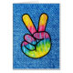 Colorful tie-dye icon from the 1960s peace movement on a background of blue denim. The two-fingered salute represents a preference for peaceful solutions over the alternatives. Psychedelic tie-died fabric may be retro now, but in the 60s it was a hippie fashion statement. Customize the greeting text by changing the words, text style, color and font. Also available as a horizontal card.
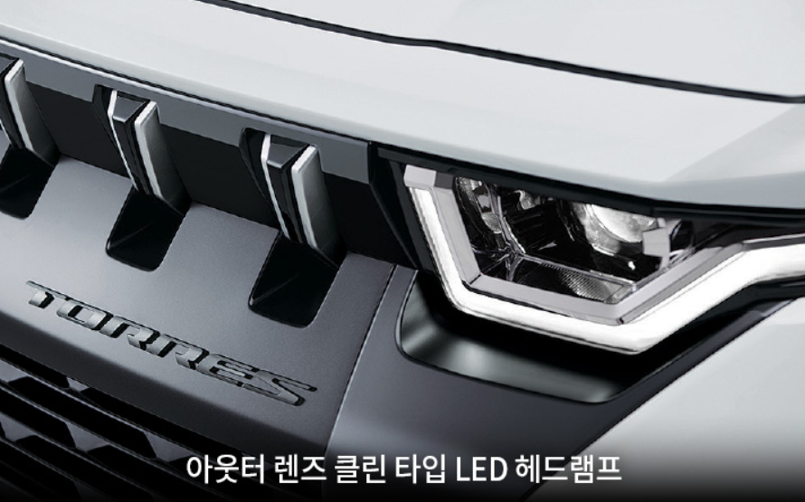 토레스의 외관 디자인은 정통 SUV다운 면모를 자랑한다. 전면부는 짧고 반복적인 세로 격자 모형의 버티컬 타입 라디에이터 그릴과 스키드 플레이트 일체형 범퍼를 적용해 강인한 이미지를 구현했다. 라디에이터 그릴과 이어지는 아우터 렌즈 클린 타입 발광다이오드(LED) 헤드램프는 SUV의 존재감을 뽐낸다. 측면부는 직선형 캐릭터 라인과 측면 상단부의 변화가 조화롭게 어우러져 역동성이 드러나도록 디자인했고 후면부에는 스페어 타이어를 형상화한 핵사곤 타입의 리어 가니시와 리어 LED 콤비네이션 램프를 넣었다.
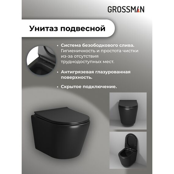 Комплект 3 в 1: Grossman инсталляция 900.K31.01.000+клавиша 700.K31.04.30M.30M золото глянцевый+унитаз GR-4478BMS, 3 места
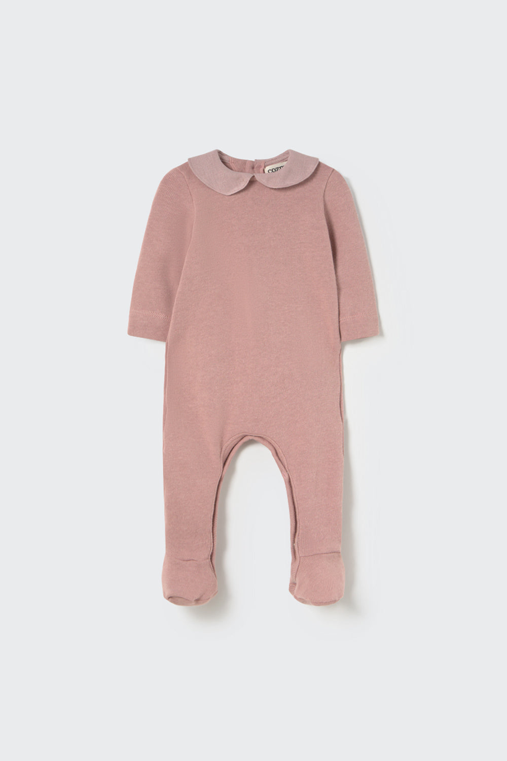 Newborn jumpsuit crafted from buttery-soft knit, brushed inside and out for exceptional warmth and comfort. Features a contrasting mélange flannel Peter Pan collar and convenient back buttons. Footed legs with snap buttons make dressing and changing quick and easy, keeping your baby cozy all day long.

Your objective » Without the pictures, transcribe exactly the lines above from the one containing "토레스의 외관 디자인은" through the last.

Problem solution »
 토레스의 외관 디자인은 정통 SUV다운 면모를 자랑한다. 전면부는 짧고 반복적인 세로 격자 모형의 버티컬 타입 라디에이터 그릴과 스키드 플레이트 일체형 범퍼를 적용해 강인한 이미지를 구현했다. 라디에이터 그릴과 이어지는 아우터 렌즈 클린 타입 발광다이오드(LED) 헤드램프는 SUV의 존재감을 뽐낸다. 측면부는 직선형 캐릭터 라인과 측면 상단부의 변화가 조화롭게 어우러져 역동성이 드러나도록 디자인했고 후면부에는 스페어 타이어를 형상화한 핵사곤 타입의 리어 가니시와 리어 LED 콤비네이션 램프를 넣었다.
 Комплект 3 в 1: Grossman инсталляция 900.K31.01.000+клавиша 700.K31.04.30M.30M золото глянцевый+унитаз GR-4478BMS, 3 места
 Newborn jumpsuit crafted from buttery-soft knit, brushed inside and out for exceptional warmth and comfort. Features a contrasting mélange flannel Peter Pan collar and convenient back buttons. Footed legs with snap buttons make dressing and changing quick and easy, keeping your baby cozy all day long.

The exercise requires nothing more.